This document describes the security posture, assumptions, and limitations of HANS — Hardware-Aware Neural Storage.

HANS is a performance-oriented, cache-first storage system designed for AI workloads. Security is important, but HANS intentionally makes explicit trust assumptions in order to achieve its goals.

HANS aims to:

• Operate safely under normal, non-malicious conditions
• Avoid crashes, data corruption, or hardware instability
• Fail safely and predictably when encountering errors
• Avoid introducing new attack surfaces beyond its scope

HANS does not attempt to provide comprehensive security guarantees beyond these goals.

HANS operates under the following trust assumptions:

• The host operating system is trusted
• The kernel is trusted
• Device drivers (GPU, storage) are trusted
• HANS runs with appropriate system privileges

HANS is not designed to defend against a compromised kernel, malicious drivers, or hostile hypervisors.

HANS assumes that:

• Input data is non-malicious
• File formats are well-formed
• Persistent storage backends are trusted

HANS does not attempt to defend against:

• Malformed or adversarial file formats
• Deliberately corrupted datasets
• Malicious object store contents

This assumption is critical for format-aware optimizations.

HANS assumes:

• Users have legitimate access to the system
• Users do not attempt to exploit HANS to escalate privileges
• Multi-tenant isolation is handled externally

HANS is not a hardened multi-tenant isolation boundary.

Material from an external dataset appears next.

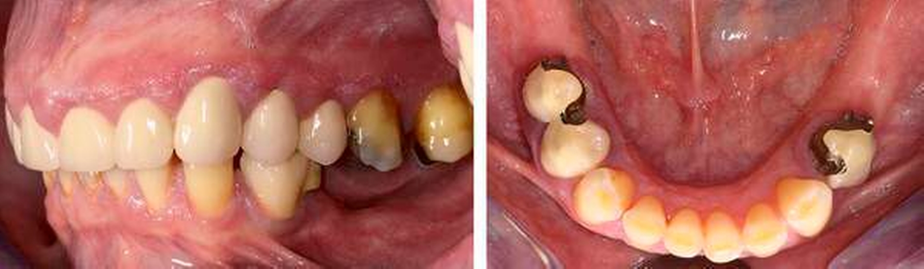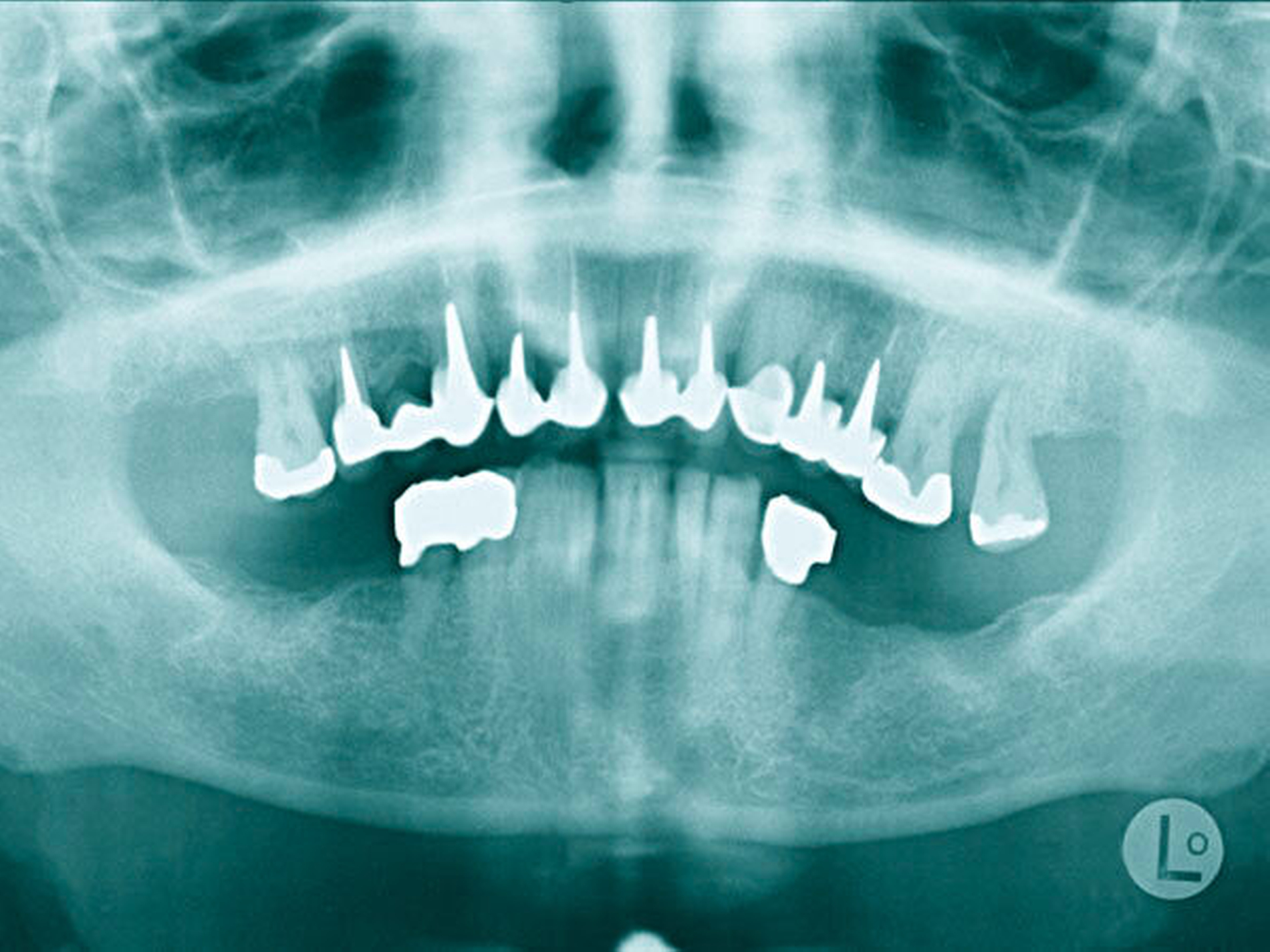 Der Plaqueindex PCR betrug 72 Prozent [O`Leary TJ et al., 1972] und der gingivale Blutungsindex GBI 75 Prozent [Ainamo J et al., 1975]. Das alio loco angefertigte Orthopantomogramm (Abbildung 3) zeigte horizontalen Knochenabbau bis zu einem Drittel der Wurzellänge in beiden Kiefern. Die Zähne 16 und 26 wiesen einen Knochenabbau > 2/3 der Wurzellänge auf. Am Zahn 27 mesial erreichte der Knochenabbau die Wurzelspitze; zudem war der Zahn elongiert und wies eine Kippung nach distal auf. In einer ersten Einzelzahnprognose wurden alle Zähne mit Ausnahme von Zahn 27 als sicher eingestuft. Prothetisch war die Patientin im OK mit einer Brücke (13 bis 15), Kronenblöcken (21/11, 21/22, 24/25) und Amalgamfüllungen an den Zähnen 16 und 26 sowie im UK mit einer geschiebeverankerten Modellgussprothese versorgt.

HANS does not protect against:

• Adversarial datasets designed to exploit parsers
• Side-channel attacks (timing, power, cache)
• Denial-of-service via malicious workloads
• Data exfiltration via compromised clients
• GPU-level attacks or firmware exploits
• Speculative execution vulnerabilities

These threats are outside the design scope.

HANS supports format-aware optimizations for certain file types (see docs/FORMAT_AWARE.md).

• Format parsing is best-effort
• Parsing failures immediately trigger fallback
• No unbounded parsing in hot paths
• No trust in user-provided metadata beyond validation

If format-aware parsing fails:

• Structured access is aborted
• HANS falls back to opaque, whole-file I/O
• No retries occur in performance-critical paths

Format-aware features are optimizations, not requirements.

HANS interacts with GPU hardware via standard vendor APIs (see docs/NVIDIA_INTEGRATION.md).

• VRAM is treated as ephemeral
• Long-lived VRAM allocations are avoided
• All GPU interactions have fallback paths
• GPU errors trigger immediate degradation

If GPU telemetry or memory operations fail:

• GPU-aware features are disabled temporarily
• HANS reverts to CPU-only behavior
• Cache consistency is preserved

HANS prioritizes system stability over performance.

HANS may require elevated privileges for:

• eBPF telemetry
• FUSE mounting
• Low-level I/O optimizations

These privileges are expected to be granted explicitly by the operator.

HANS does not attempt privilege separation internally.

HANS is a cache-first system.

• Cached data may be lost at any time
• Cache metadata is best-effort
• Persistent storage is the source of truth

HANS does not provide:

• Strong consistency guarantees
• Cryptographic integrity checks
• End-to-end encryption

These concerns must be handled by underlying storage systems.

If HANS is deployed in a distributed configuration:

• Network security (TLS, authentication) is the responsibility of the operator
• HANS does not implement custom cryptographic protocols
• Trust boundaries must be enforced externally

If you discover a security vulnerability in HANS:

1. Do not open a public issue
2. Contact the maintainer privately (method TBD)
3. Provide:
   • A clear description of the issue
   • Reproduction steps
   • Potential impact

Security reports will be handled responsibly.

HANS follows responsible disclosure principles:

• Vulnerabilities will be assessed promptly
• Fixes will be prioritized based on severity
• Public disclosure will occur after mitigation where possible

Given the early stage of the project, timelines may vary.

HANS is designed for trusted environments running trusted workloads.

By making its assumptions explicit, HANS avoids a false sense of security and focuses on what it does best: delivering high-performance, hardware-aware storage for AI workloads.

Operators are responsible for securing the environment in which HANS runs.